How high is that bar?

The WSJ reveals that The data are in. We are more faithful than meerkats.

That's probably not the gold standard. That title belongs to (among others) Canadian geese, which mate for life.

Hats off to The WSJ for remembering that 'data' is the plural of 'datum,' which is used so little most commoners have likely forgotten it exists.


Words that can go away.

at least in their currently common usages.

  • journey. any 'trip' that does not involve actual, physical movement, as in 'my journey to health began...'
  • shares, as in 'Philip shares ten children with his wife.' Whatever happened to 'father of ten children'?
  • curate. I thought this old horse had been pastured (which construction itself should be on the list) a while ago, but is sneaking back into odd places, like restaurant menus. Next time, it's off to the glue factory.
  • not exactly a word, but the whole class of verbifications, the taking of perfectly good nouns that are then subjected to twistifications, contortions, and other tortures and mutilations.
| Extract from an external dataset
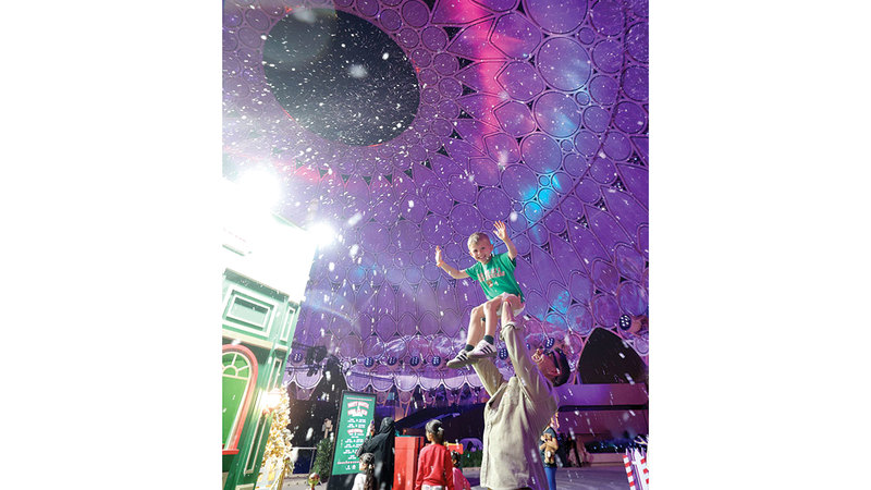 يبدو أن موسم الشتاء تحت قبة الوصل غير، حيث «يمطر» المعلم الأيقوني في مدينة إكسبو دبي «ثلجاً» ومرحاً، ويتزين بتشكيلات الألوان الزاهية، ليرسم الابتسامات على وجوه العائلات والأفراد، كما الحال هنا في لقطة الأب الذي يحمل ابنه لكي يلتقط «الثلج» مبكراً، وليضفي على المشهد فرحة إضافية، وسط مساحة تحفل بأنشطة تودّع الأيام الأخيرة في أجواء عامرة بالتفاؤل.

Shakespeare was wrong—we shouldn't kill all the lawyers first, we should go after advertising copywriters, the source of so much pain.
    We can go after the lawyers second.

Sounds like a lot of three- and four-year-olds.

The Wall Street Journal says AI gadgets are bad, but still promising.
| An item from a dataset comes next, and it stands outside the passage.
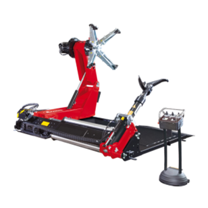 Автоматический шиномонтажный стенд для грузовых автомобилей и спецтехники с зажимом от 14” к 50”, специально разработанный, чтобы обращаться с бескамерными или камерными шинами грузовиков, автобусов, тракторов и спецтехники. Предназначен для работы с колесами грузовиков, автобусов, тракторов и строительной техники (с камерными и безкамерными шинами). Двухскоростное вращение в двух направлениях. Двухскоростное автоматическое перемещение каретки синхронизируется с двухскоростным движением вращения самозажимного патрона. Автоматический подъем рычага и автоматическое вращение монтажных приспособлений. Новая консоль управления отражает внимание к эргономике и функциональности. Удобные элементы управления и интуитивно понятный дизайн облегчают работу. Стандартно он оснащен радиосвязью. Колеса у основания рамы облегчают перемещение с одной стороны колеса на другую во время работы.
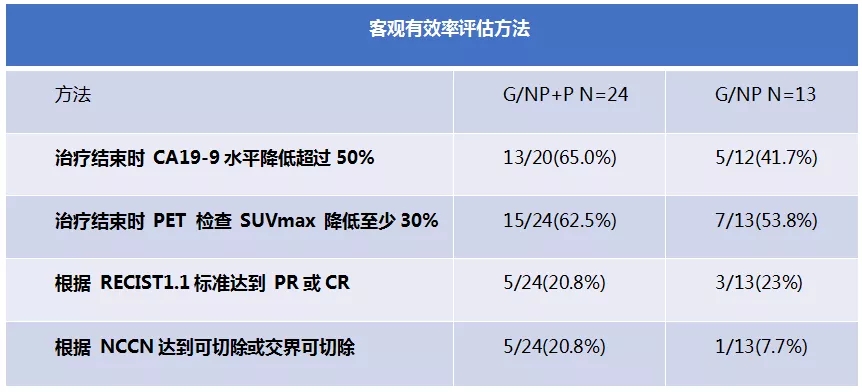 传统的胰腺癌疗效评估中肿瘤的客观有效率通过肿瘤退缩进行评估,在一项抗CTGF单抗pamrevlumab治疗局部晚期胰腺癌患者与吉西他滨/白蛋白结合型紫杉醇对可切除性和切除率的影响的Ⅱ期研究中,研究者提出了新的评估方法:a. 治疗结束时 CA19-9水平降低超过50%;b. 治疗结束时 PET 检查 SUVmax 降低至少30%;c. 根据 RECIST1.1标准达到 PR或CR;d. 根据 NCCN达到可切除或交界可切除。相较于传统的疗效评估方法,该方式提高了手术切除的可能性,为更多患者符合手术条件创造了更多机会,但仍需要在更大的患者群众进行验证。

To be fair, most three- and four-year-olds can be good, even sweet, most of the time, but when they're bad, they're very, very bad. Ditto AS.


Fine granularity.

I admit it—I'm an introvert. That's been pretty consistent for my entire life. No shame there.

But now, I find out that being an 'introvert' is no longer enough. I have to be one of four types of introvert. Am I Social? Anxious? Thinking? Restrained? I can be social in small groups, like to put time into making decisions, and definitely a thinker. If I have to pick one, that's the one I would go with.

But for whom am I agonizing? Certainly not for other introverts. Not me. Extroverts, when I run into them, don't care. They just want to be the life of the party.

And speaking of extroverts, turns out they fall into four camps, too, at least according to Glam magazine. Why am I not surprised that Very Well Mind gives us the 411 on introverts, while Glam covers the party animals?


Revisiting meaning and greatness.

The Poetry Foundation, after a week or so of cutting edge poetry (translation: does anybody beyond the author have any idea what the point of this is?) made amends by running John Milton's Sonnet 19, with its magnificent final line:

They also serve who only stand and wait.


Random observations.

It's a lot easier to get to 'inbox-0' after Christmas, when all the ads have stopped, than before.

The best way to combat boredom is not to fill your life with external stimuli, but to live in boredom until you can't stand being bored any more.


word of the week

 bituminous

poetry recent augie sez

Quoted.


... that’s really part of the magic. You come up with an idea and you pass it through the rest of the band and it’s what the band does with it that makes the magic. But I must say that, probably with ‘Gimme Shelter’ and maybe a part of ‘Jumpin’ Jack Flash’, it sounded like what I was hearing in my head as I was writing it.